WASHINGTON, D.C. — A federal appeals court upheld a lower court ruling that denied the religious freedom arguments of a Pennsylvania religious order that sought to block a natural gas line from the sisters’ land because it violated their faith beliefs.

In a July 25 ruling, a three-judge panel of the U.S. Court of Appeals for the 3rd Circuit agreed with the lower court that the Adorers of the Blood of Christ had not made their religious objections known during the federal administrative process that led to Federal Energy Regulatory Commission approval of the Atlantic Sunrise pipeline.

Writing for the appellate panel, Judge Joseph A. Greenway Jr., specifically said the Adorers’ claims under the Religious Freedom Restoration Act against FERC and the Transcontinental Gas Pipe Line Co. was not something the lower court could appropriately consider.

“If the Adorers had participated in the administrative process, FERC may have denied or modified the conditions of Transco’s certificate,” the ruling said. “Or, if FERC failed to do so, the reviewing court of appeals may have ruled in the Adorers’ favor.”

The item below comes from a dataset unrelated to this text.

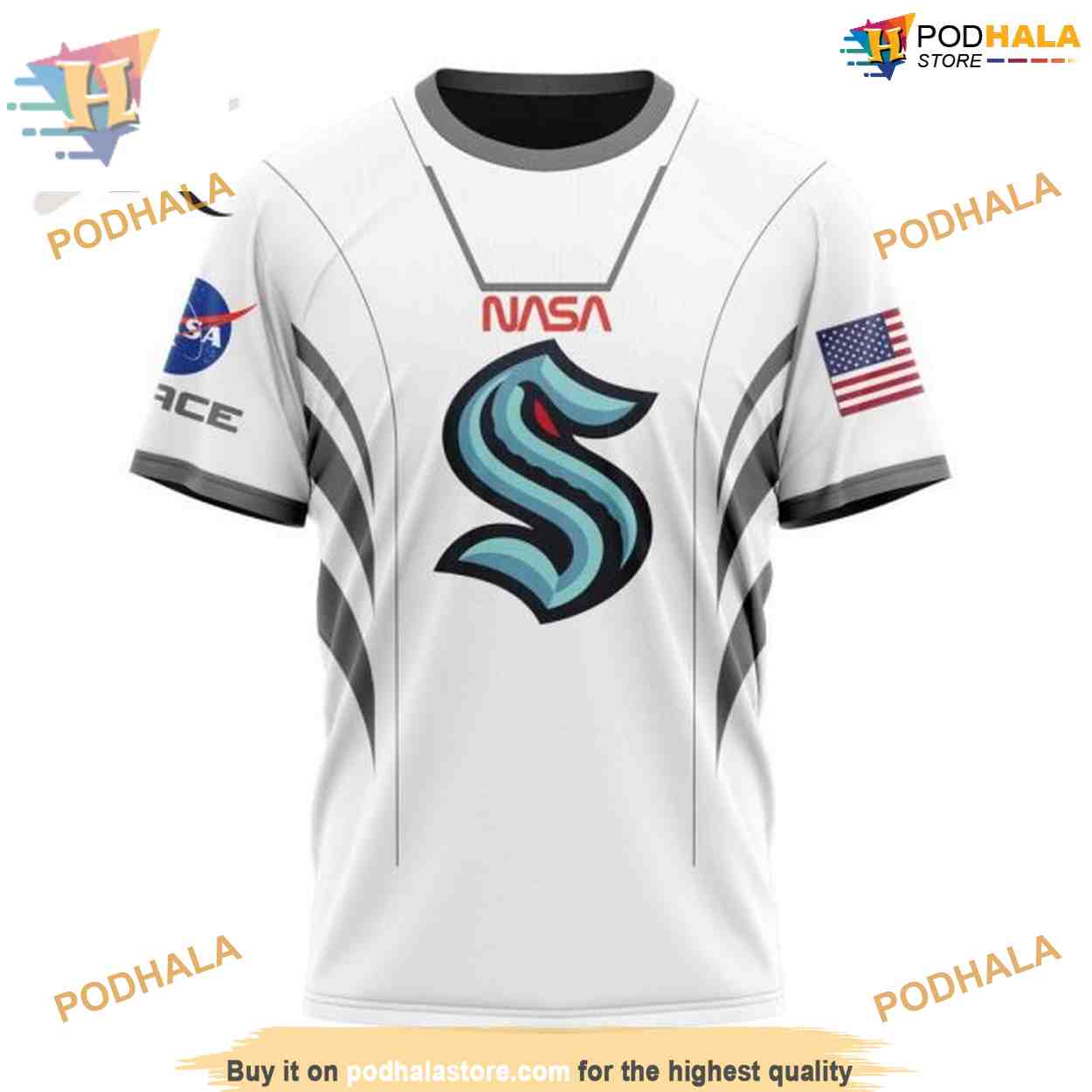 Custom Space Force NASA Astronaut Design NHL Seattle Kraken Hoodie 3D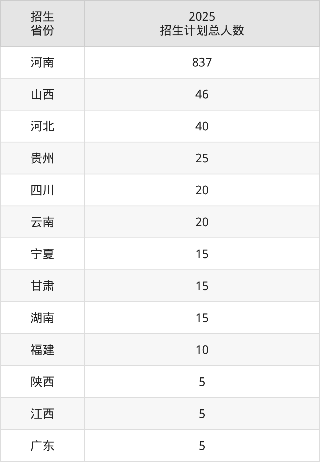2025年河南推拿职业学院面向全国13个省市开展专科招生;招生专业共11个,招生人数共1058人。2025年在河南省招生计划总人数是837人,其中,河南推拿职业学院在河南省招生人数最多的是护理。河南推拿职业学院在各省具体招生人数情况如下表。

The Adorers expressed dismay with the decision, saying in a statement they “believe the court wrongly decided this case” and that they were “exploring what remaining options they have to address this wrong.”

“While historically, the federal courts have been the stalwart protectors and defenders of religious freedoms in our country, today’s panel sided with the interests of the power gas and oil industry over the religious freedoms of the Adorers,” said the statement emailed to Catholic News Service.

“Thus, even though the Adorers are up against a powerful federal agency and a massive oil and gas industry with unlimited resources, the Adorers believe that their faith and religious beliefs will ultimately prevail. At issue is nothing less than the future of our sacred earth,” the congregation said.

Williams, the company building the 200-mile pipeline through its subsidiary Transco, welcomed the court’s decision.

“Clearly, we believe the court made the correct decision,” company spokesman Christopher Stockton wrote in a statement emailed to CNS soon after the ruling was announced. “Throughout the pre-construction and construction process, our goal has been to respect and treat every landowner fairly. While we respect the Adorers’ position, we disagree with their opinion with regard to this important infrastructure project.”

The company said the project will assure that access to inexpensive, domestic natural gas will remain “a huge benefit to all people, especially the economically disadvantaged.”

The panel’s opinion essentially said the Adorers voiced their objection too late in the administrative process. He wrote that despite receiving notice of the proposed pipeline in 2014, the Adorers never publicly objected to the project until filing the lawsuit citing their religious freedom claims in July 2017, five months after FERC granted Transco permission to build the pipeline.

The company built the pipeline through farmland the Adorers lease last fall after the district court dismissed their claims. The Adorers appealed the decision, but after a brief delay, construction was allowed to continue.

The pipeline prompted citizens to form Lancaster Against Pipelines, named for the county in which a large portion of the 200-mile pipeline passes. The Adorers permitted the group to construct a simple chapel on their land near the pipeline route and it has served as a gathering spot for prayer, reflection and organizing to protest the project.

The congregation has opposed the pipeline since it was proposed four years ago, saying that allowing it through their property would run contrary to their 2005 Land Ethic. The document holds that all land created by God is sacred and that the fossil fuel project would desecrate the landscape.